The memorial was funded by a Canadian businessman, Hector Morison, who lived in the village from 1908. It is sited on the triangular village green, near the Grade II listed Leckhampstead House. Unusually, salvaged military items – shell cases, bullets and bayonets – were used as a form of trench art to decorate the memorial.

It comprises a tapering Portland stone obelisk about 7.6 m high, standing on a square plinth on two steps, surrounded by a gravelled area. Clock faces are marked out on the north and south faces of the obelisk, with Roman numerals for the hours made from .303 rifle cartridges, the minutes marked by .303 bullets, and the clock's hands made from bayonets. Set into the other two faces are bronze medallions resembling the obverse (King George V, east) and reverse (Saint George, west) of the British War Medal.
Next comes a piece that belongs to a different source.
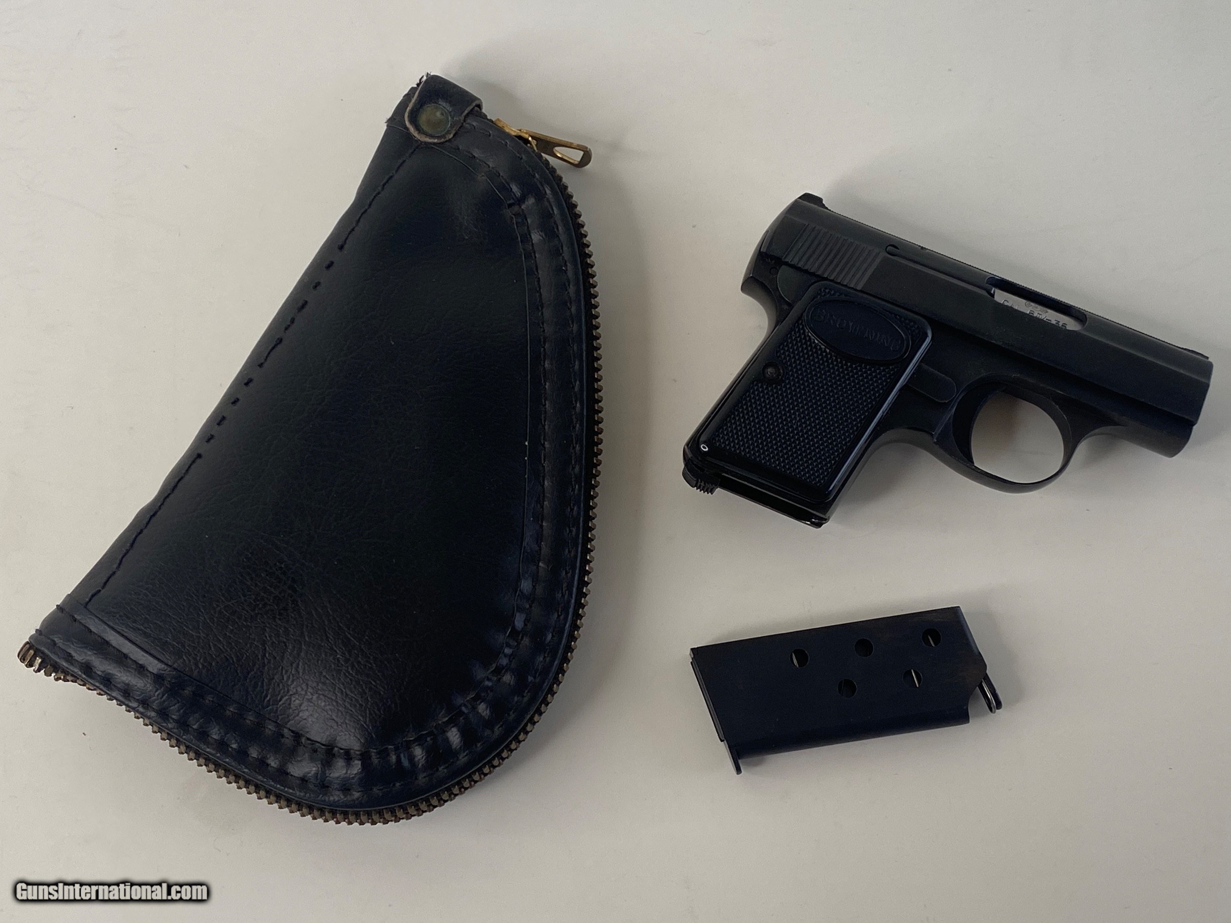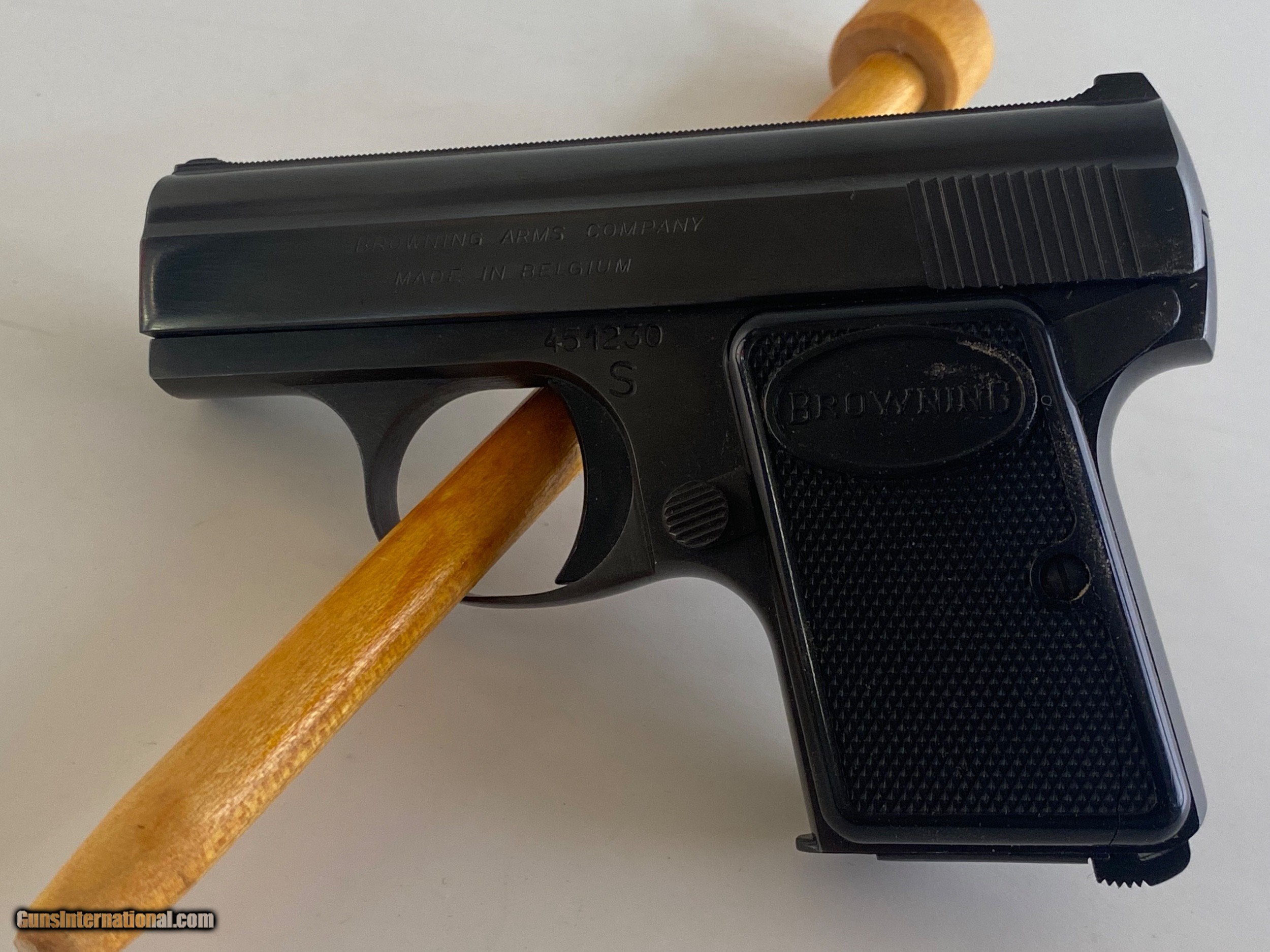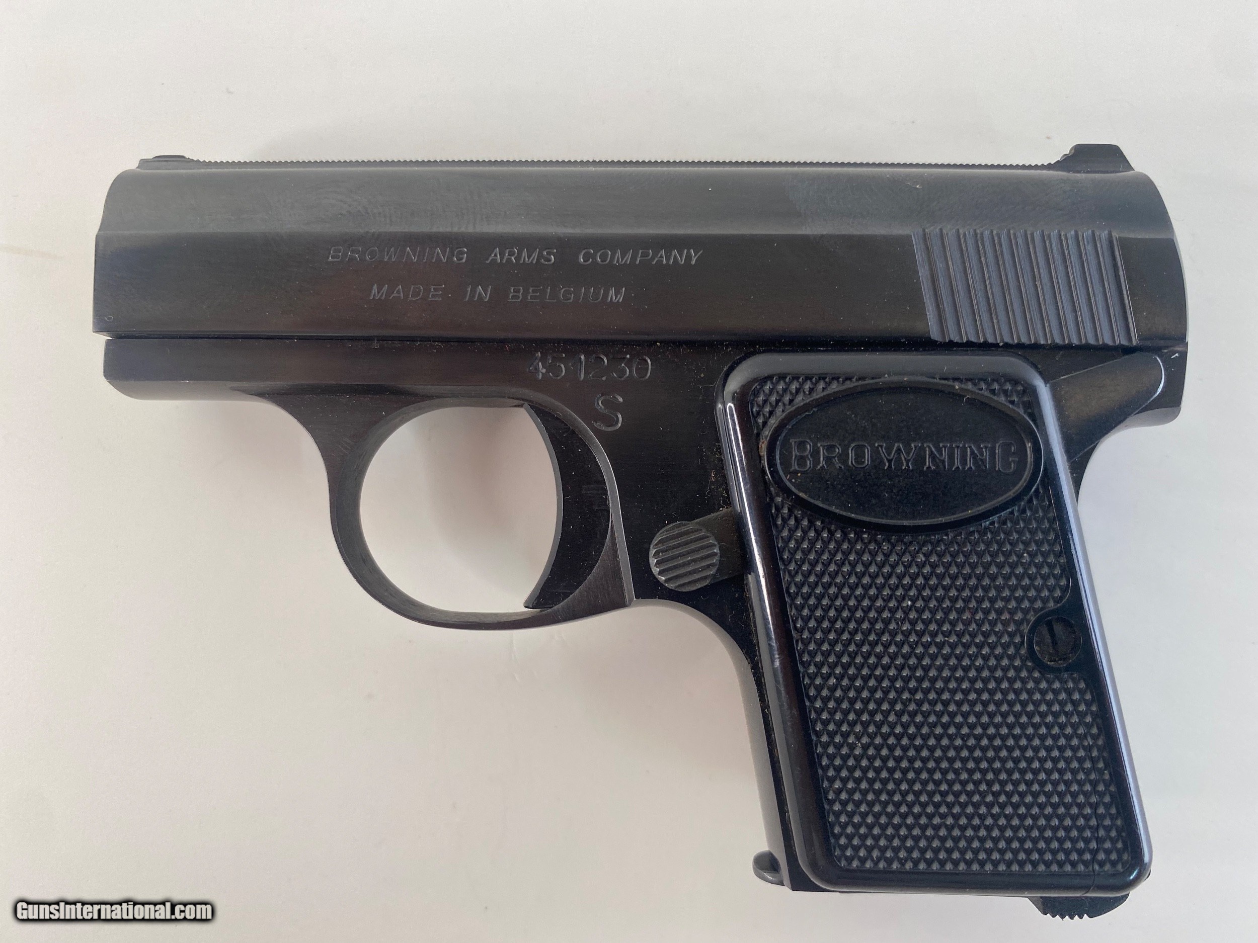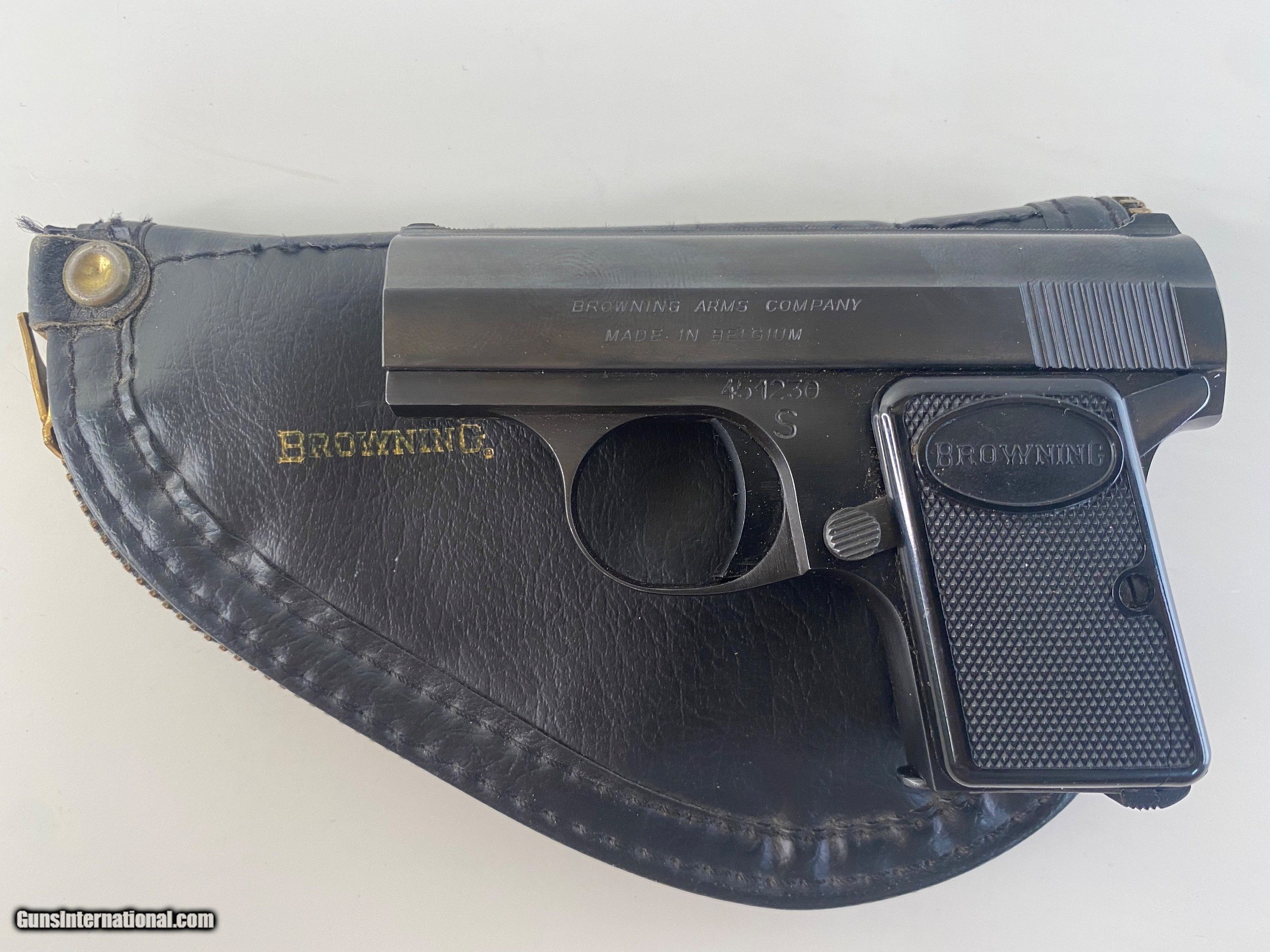 Description: Sale pending. Very nice 1968 Browning Baby 25 in excellent condition. Includes Browning pouch. SOLD Handgun Caliber: .25 ACP (6.35mm Browning, 6.35×16mmSR) |

Inscriptions on slate tablets set into the plinth record the names of 17 war dead, and of 72 others who also served in the British armed forces, and the words "PASS NOT THIS STONE IN SORROW, BUT IN PRIDE / AND MAY YOU LIVE AS NOBLY AS THEY DIED". A small tablet on the south side records the names of two men killed in the Second World War.

The memorial is surrounded by chains reputedly taken from a battleship that took part in the Battle of Jutland, supported on 12 four inch shell cases mounted on pyramidal stone posts It was designated as a Grade II listed building in May 2016.